§ Exercise instructions: Please output exactly the lines below, starting at the line that has "A tourist takes" and ending at the line that has "先日は、生活科でできるように", both included; leave out all pictures and include nothing else.

§ Input records:
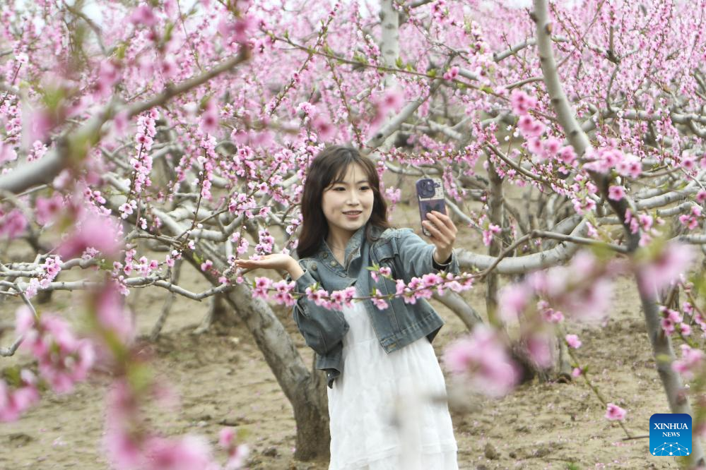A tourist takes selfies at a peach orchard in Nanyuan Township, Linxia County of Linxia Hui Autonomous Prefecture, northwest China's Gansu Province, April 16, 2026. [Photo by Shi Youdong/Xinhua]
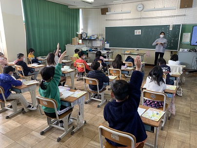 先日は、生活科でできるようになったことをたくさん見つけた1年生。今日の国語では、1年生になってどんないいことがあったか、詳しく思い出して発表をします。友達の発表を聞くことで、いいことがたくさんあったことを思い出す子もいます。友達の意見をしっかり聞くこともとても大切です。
* * *
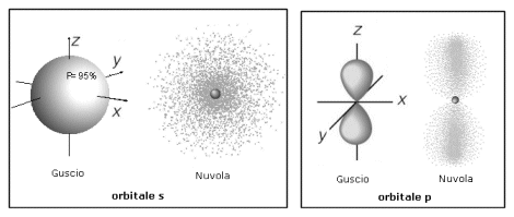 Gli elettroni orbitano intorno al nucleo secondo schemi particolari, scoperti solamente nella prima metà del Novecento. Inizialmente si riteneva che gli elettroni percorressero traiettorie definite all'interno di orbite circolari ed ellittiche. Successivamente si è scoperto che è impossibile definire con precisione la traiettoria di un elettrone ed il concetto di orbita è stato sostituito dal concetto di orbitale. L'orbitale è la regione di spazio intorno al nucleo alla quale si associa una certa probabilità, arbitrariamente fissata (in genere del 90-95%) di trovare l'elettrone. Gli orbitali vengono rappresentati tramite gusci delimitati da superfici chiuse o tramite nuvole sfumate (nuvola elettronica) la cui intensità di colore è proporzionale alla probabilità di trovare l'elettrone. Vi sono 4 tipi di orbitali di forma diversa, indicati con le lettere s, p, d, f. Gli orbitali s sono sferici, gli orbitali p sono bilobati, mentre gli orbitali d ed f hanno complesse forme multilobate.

§ Written solution:
A tourist takes selfies at a peach orchard in Nanyuan Township, Linxia County of Linxia Hui Autonomous Prefecture, northwest China's Gansu Province, April 16, 2026. [Photo by Shi Youdong/Xinhua]
 先日は、生活科でできるようになったことをたくさん見つけた1年生。今日の国語では、1年生になってどんないいことがあったか、詳しく思い出して発表をします。友達の発表を聞くことで、いいことがたくさんあったことを思い出す子もいます。友達の意見をしっかり聞くこともとても大切です。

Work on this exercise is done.